:: REQUIRED ACTION ::
Look through the data below for the line with "2R、上背で勝る藤橋はジリジ", and transcribe it exactly together with each line after it up to and including the line with "Nasza poduszka premium". Give nothing else.

---- EXERCISE INPUTS

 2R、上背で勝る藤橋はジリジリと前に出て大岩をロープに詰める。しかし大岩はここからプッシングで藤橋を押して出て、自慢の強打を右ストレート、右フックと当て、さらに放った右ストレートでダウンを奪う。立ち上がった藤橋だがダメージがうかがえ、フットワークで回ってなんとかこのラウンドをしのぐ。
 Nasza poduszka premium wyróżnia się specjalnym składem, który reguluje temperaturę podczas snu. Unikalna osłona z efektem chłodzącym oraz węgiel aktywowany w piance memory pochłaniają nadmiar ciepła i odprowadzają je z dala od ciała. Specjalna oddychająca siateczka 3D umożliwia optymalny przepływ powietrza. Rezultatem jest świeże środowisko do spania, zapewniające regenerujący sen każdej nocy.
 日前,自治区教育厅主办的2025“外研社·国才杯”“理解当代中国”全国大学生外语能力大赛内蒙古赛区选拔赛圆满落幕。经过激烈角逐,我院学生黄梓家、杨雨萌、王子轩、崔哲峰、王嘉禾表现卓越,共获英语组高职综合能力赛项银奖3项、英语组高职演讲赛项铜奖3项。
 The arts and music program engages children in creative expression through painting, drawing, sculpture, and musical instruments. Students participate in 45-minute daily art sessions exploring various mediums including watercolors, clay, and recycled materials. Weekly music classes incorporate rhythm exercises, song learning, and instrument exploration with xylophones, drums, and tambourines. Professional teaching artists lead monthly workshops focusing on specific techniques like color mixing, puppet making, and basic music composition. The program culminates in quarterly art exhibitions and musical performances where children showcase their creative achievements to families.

--------
---- EXERCISE INPUTS

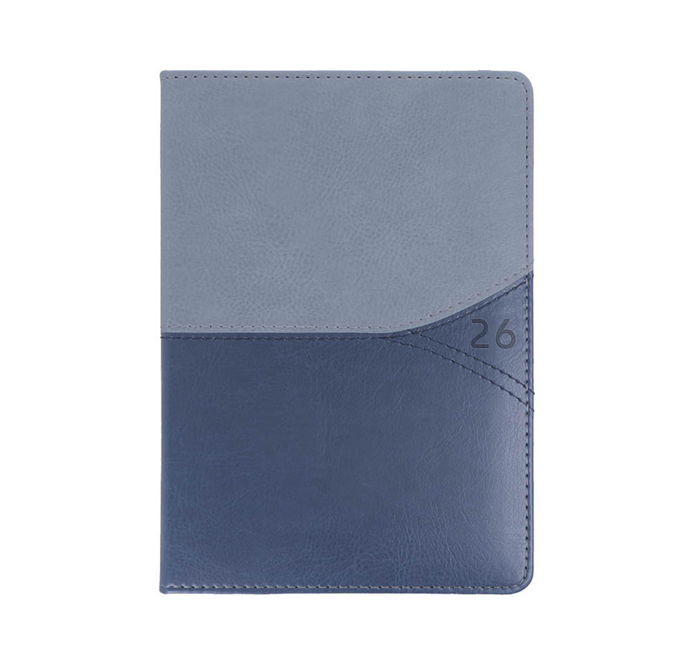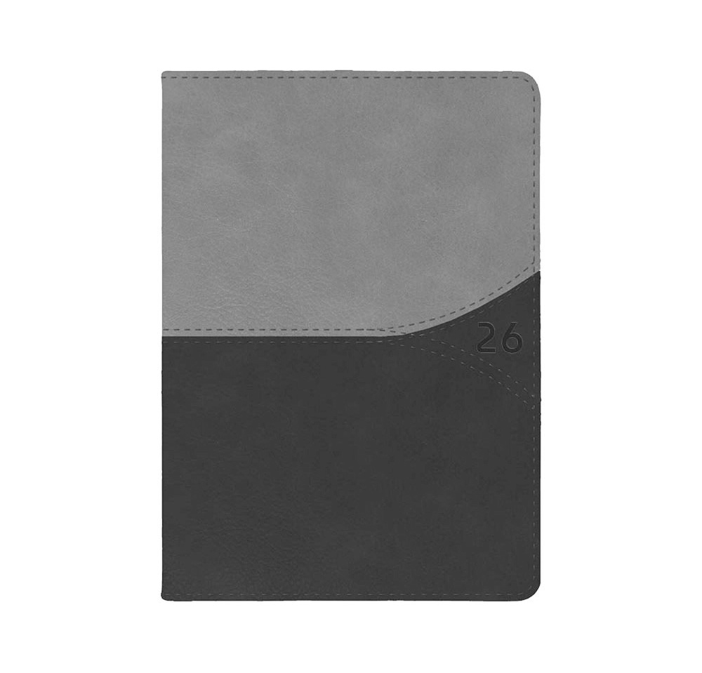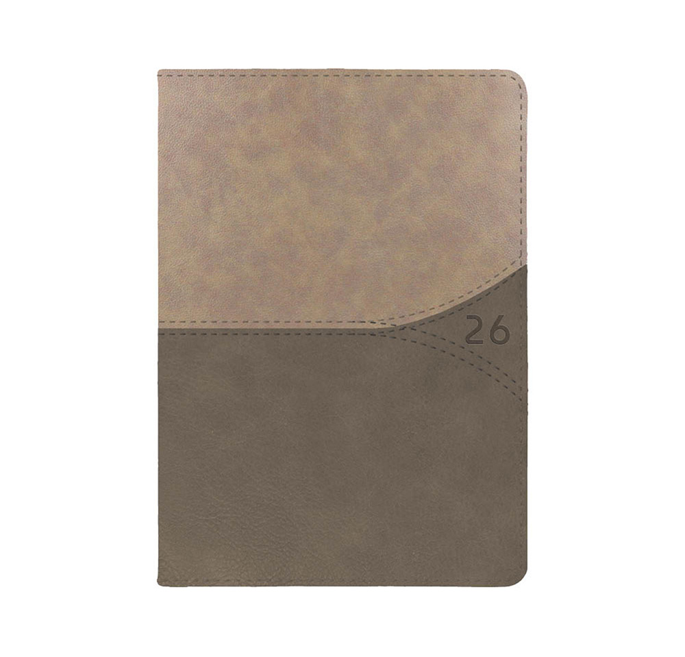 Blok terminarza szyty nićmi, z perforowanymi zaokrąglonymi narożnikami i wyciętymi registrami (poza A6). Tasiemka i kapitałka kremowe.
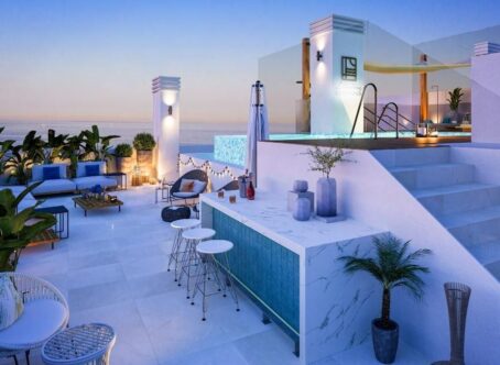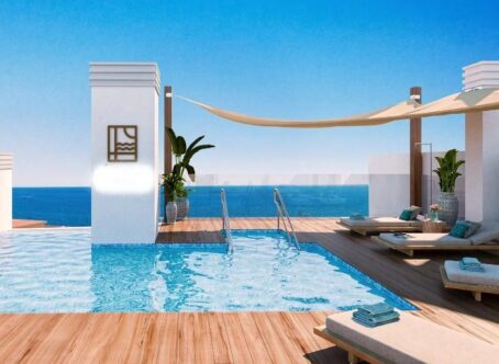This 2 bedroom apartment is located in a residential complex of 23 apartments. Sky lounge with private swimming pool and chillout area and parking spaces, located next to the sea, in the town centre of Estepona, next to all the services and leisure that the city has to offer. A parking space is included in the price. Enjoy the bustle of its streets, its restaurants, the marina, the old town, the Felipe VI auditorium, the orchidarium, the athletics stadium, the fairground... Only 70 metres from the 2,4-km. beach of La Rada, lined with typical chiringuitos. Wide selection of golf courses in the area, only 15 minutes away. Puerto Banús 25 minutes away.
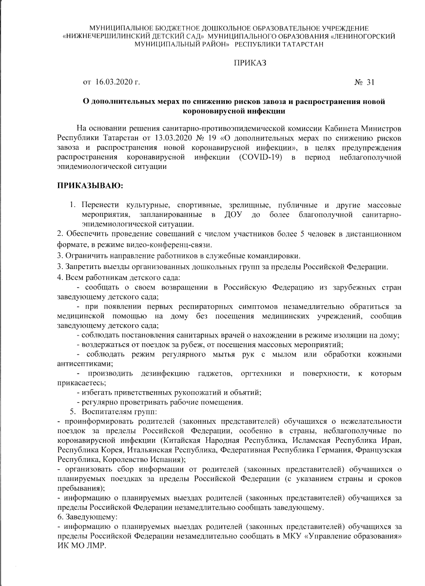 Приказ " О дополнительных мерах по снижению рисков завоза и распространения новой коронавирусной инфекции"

--------

:: RESULT BELOW ::
 2R、上背で勝る藤橋はジリジリと前に出て大岩をロープに詰める。しかし大岩はここからプッシングで藤橋を押して出て、自慢の強打を右ストレート、右フックと当て、さらに放った右ストレートでダウンを奪う。立ち上がった藤橋だがダメージがうかがえ、フットワークで回ってなんとかこのラウンドをしのぐ。
 Nasza poduszka premium wyróżnia się specjalnym składem, który reguluje temperaturę podczas snu. Unikalna osłona z efektem chłodzącym oraz węgiel aktywowany w piance memory pochłaniają nadmiar ciepła i odprowadzają je z dala od ciała. Specjalna oddychająca siateczka 3D umożliwia optymalny przepływ powietrza. Rezultatem jest świeże środowisko do spania, zapewniające regenerujący sen każdej nocy.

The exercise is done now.